Michigan’s Data Center Bans Are Getting Longer
13 February, 2026

1. Kent County, Michigan — Yet another Michigan municipality has banned data centers — for the second time in just a few months.
- Solon Township, a rural community north of Grand Rapids, passed a six-month moratorium on Monday after residents learned that a consulting agency that works with data center developers was scouting sites in the area. The decision extended a previous 90-day ban.
- Solon is at least the tenth township in Michigan to enact a moratorium on data center development in the past three months. The state has seen a surge in development since Governor Gretchen Whitmer signed a law exempting data centers from sales and use taxes last April, and a number of projects — such as the 1,400-megawatt, $7 billion behemoth planned by Oracle and OpenAI in Washtenaw County — have become local political flashpoints.
- Some communities have passed moratoria on data center development even without receiving any interest from developers. In Romeo, for instance, residents urged the village’s board of trustees to pass a moratorium after a project was proposed for neighboring Washington Township.
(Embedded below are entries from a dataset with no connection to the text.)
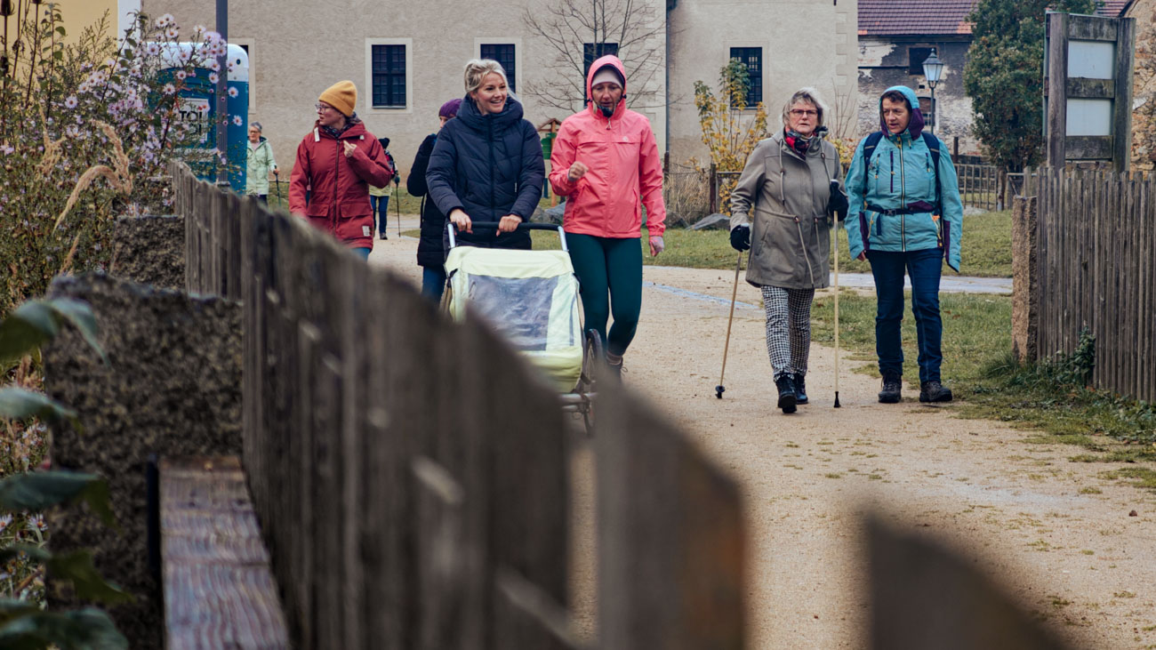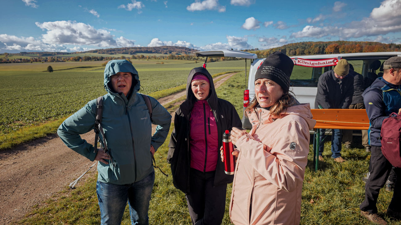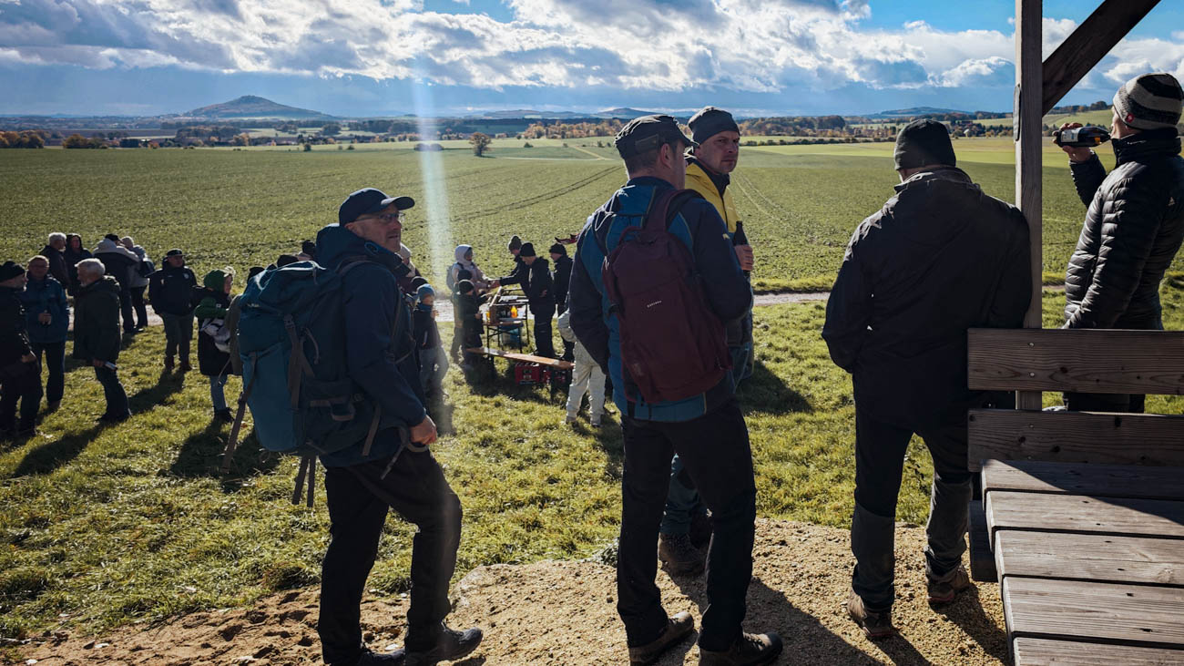 Angekommen, wartete bereits die erste Stärkung: Getränke, ein kurzer Plausch und eine kleine Pause zum Durchatmen. Danach ging es weiter über ruhige Wege entlang der Königshainer Berge, wo sich den Wanderern ein herrlicher Ausblick auf die letzte Etappe bot.
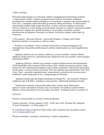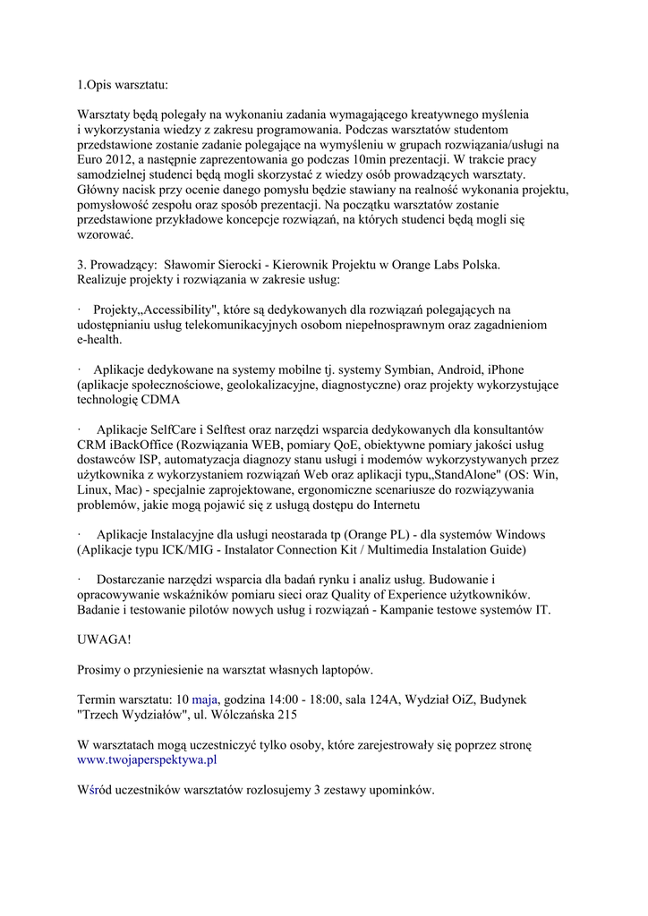 1.Opis warsztatu: Warsztaty będą polegały na wykonaniu zadania wymagającego kreatywnego myślenia i wykorzystania wiedzy z zakresu programowania. Podczas warsztatów studentom przedstawione zostanie zadanie polegające na wymyśleniu w grupach rozwiązania/usługi na Euro 2012, a następnie zaprezentowania go podczas 10min prezentacji. W trakcie pracy samodzielnej studenci będą mogli skorzystać z wiedzy osób prowadzących warsztaty. Główny nacisk przy ocenie danego pomysłu będzie stawiany na realność wykonania projektu, pomysłowość zespołu oraz sposób prezentacji. Na początku warsztatów zostanie przedstawione przykładowe koncepcje rozwiązań, na których studenci będą mogli się wzorować. 3. Prowadzący: Sławomir Sierocki - Kierownik Projektu w Orange Labs Polska. Realizuje projekty i rozwiązania w zakresie usług: · Projekty„Accessibility", które są dedykowanych dla rozwiązań polegających na udostępnianiu usług telekomunikacyjnych osobom niepełnosprawnym oraz zagadnieniom e-health. · Aplikacje dedykowane na systemy mobilne tj. systemy Symbian, Android, iPhone (aplikacje społecznościowe, geolokalizacyjne, diagnostyczne) oraz projekty wykorzystujące technologię CDMA · Aplikacje SelfCare i Selftest oraz narzędzi wsparcia dedykowanych dla konsultantów CRM iBackOffice (Rozwiązania WEB, pomiary QoE, obiektywne pomiary jakości usług dostawców ISP, automatyzacja diagnozy stanu usługi i modemów wykorzystywanych przez uŜytkownika z wykorzystaniem rozwiązań Web oraz aplikacji typu„StandAlone" (OS: Win, Linux, Mac) - specjalnie zaprojektowane, ergonomiczne scenariusze do rozwiązywania problemów, jakie mogą pojawić się z usługą dostępu do Internetu · Aplikacje Instalacyjne dla usługi neostarada tp (Orange PL) - dla systemów Windows (Aplikacje typu ICK/MIG - Instalator Connection Kit / Multimedia Instalation Guide) · Dostarczanie narzędzi wsparcia dla badań rynku i analiz usług. Budowanie i opracowywanie wskaźników pomiaru sieci oraz Quality of Experience uŜytkowników. Badanie i testowanie pilotów nowych usług i rozwiązań - Kampanie testowe systemów IT. UWAGA! Prosimy o przyniesienie na warsztat własnych laptopów. Termin warsztatu: 10 maja, godzina 14:00 - 18:00, sala 124A, Wydział OiZ, Budynek "Trzech Wydziałów", ul. Wólczańska 215 W warsztatach mogą uczestniczyć tylko osoby, które zarejestrowały się poprzez stronę www.twojaperspektywa.pl Wśród uczestników warsztatów rozlosujemy 3 zestawy upominków.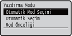 Eğer tüm yazdırma modları <Kapalı> olarak ayarlanmışsa, makine, <Mod Önceliği> için belirtilmiş yazdırma modunda işletilir.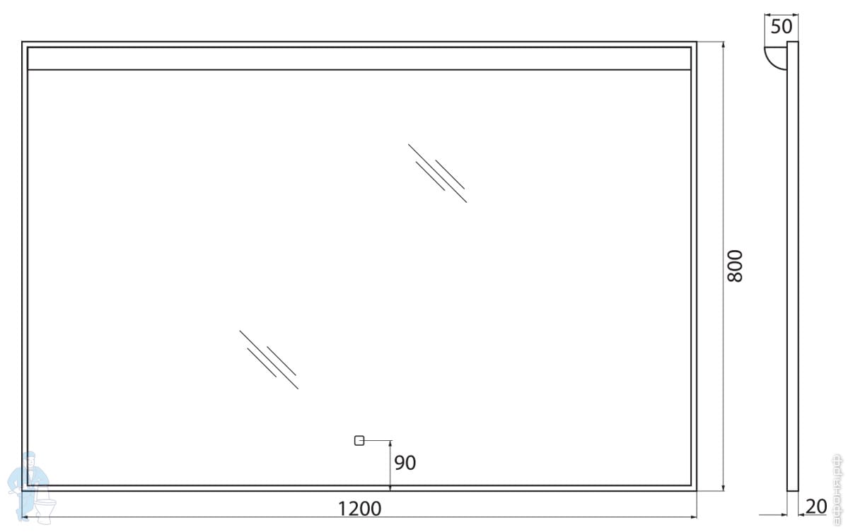 Зеркало BelBagno SPC-UNO-1200-800-TCH (1200х800х50) алюминиевая рама,подсветка,сенсорный выключательКод: 256532

The board assented and passed a one-year moratorium in late January.
2. Pima County, Arizona — Opposition groups submitted twice the required number of signatures in a petition to put a rezoning proposal for a $3.6 billion data center project on the ballot in November.
- No Desert Data Center Coalition and Arizonans for Responsible Development, two advocacy groups that have been fighting the proposed Marana, Arizona project, said this week that they had collected 2,800 signatures on a petition to allow voters to decide on the project’s rezoning. The Marana Town Council had voted unanimously in January to approve the rezoning of the project site.
- The Marana project is often conflated with Project Blue, a nearby data center proposed by the same developer. Both have faced concerns over energy and water consumption.
3. Columbus, Ohio — A bill proposed in the Ohio Senate could severely restrict renewables throughout the state.
- Senate Bill 294 would require new electricity generation plants to “employ affordable, reliable, and clean energy sources” — restrictions that, on the face of it, could appear friendly to renewables. But the bill’s definition of “reliable” includes a minimum capacity factor of 50% and the requirement that generation is “readily available,” restrictions that effectively exclude low-capacity, weather- and sunlight-dependent wind and solar. What’s more, the bill names natural gas and nuclear as “clean” sources of energy but does not explicitly refer to wind or solar as clean.
- The bill follows a template provided by the American Legislative Exchange Council, which along with the Heartland Institute has advocated for its passage in Ohio. The template has already been applied in Louisiana, and a proposed bill in New Hampshire would establish similar reliability requirements.
4. Converse and Niobrara Counties, Wyoming — The Wyoming State Board of Land Commissioners last week rescinded the leases for two wind projects in Wyoming after a district court judge ruled against their approval in December.
- It’s the latest in a saga for the pair, the Pronghorn and Sidewinder Wind Projects, which this newsletter began covering last June after Wyoming’s governor and secretary of state staked opposing positions on the projects. Ranchers near the project sites expressed vociferous opposition, and a lawsuit filed by a rancher in July alleged that the Wyoming Board of Land Commissioners had violated its own rules when it approved the projects. The December court ruling in favor of that lawsuit opened the way for the rescission.
- The Pronghorn project was initially planned to include a hydrogen extraction plant, but developers this month announced that the plan would be reduced to 30% of its original size and the hydrogen component would be canceled.
- Although the state appealed the court ruling later in December, the board requested the state withdraw that appeal following its vote last week to rescind the leases. It’s unclear what comes next for the projects, but more litigation seems likely to follow.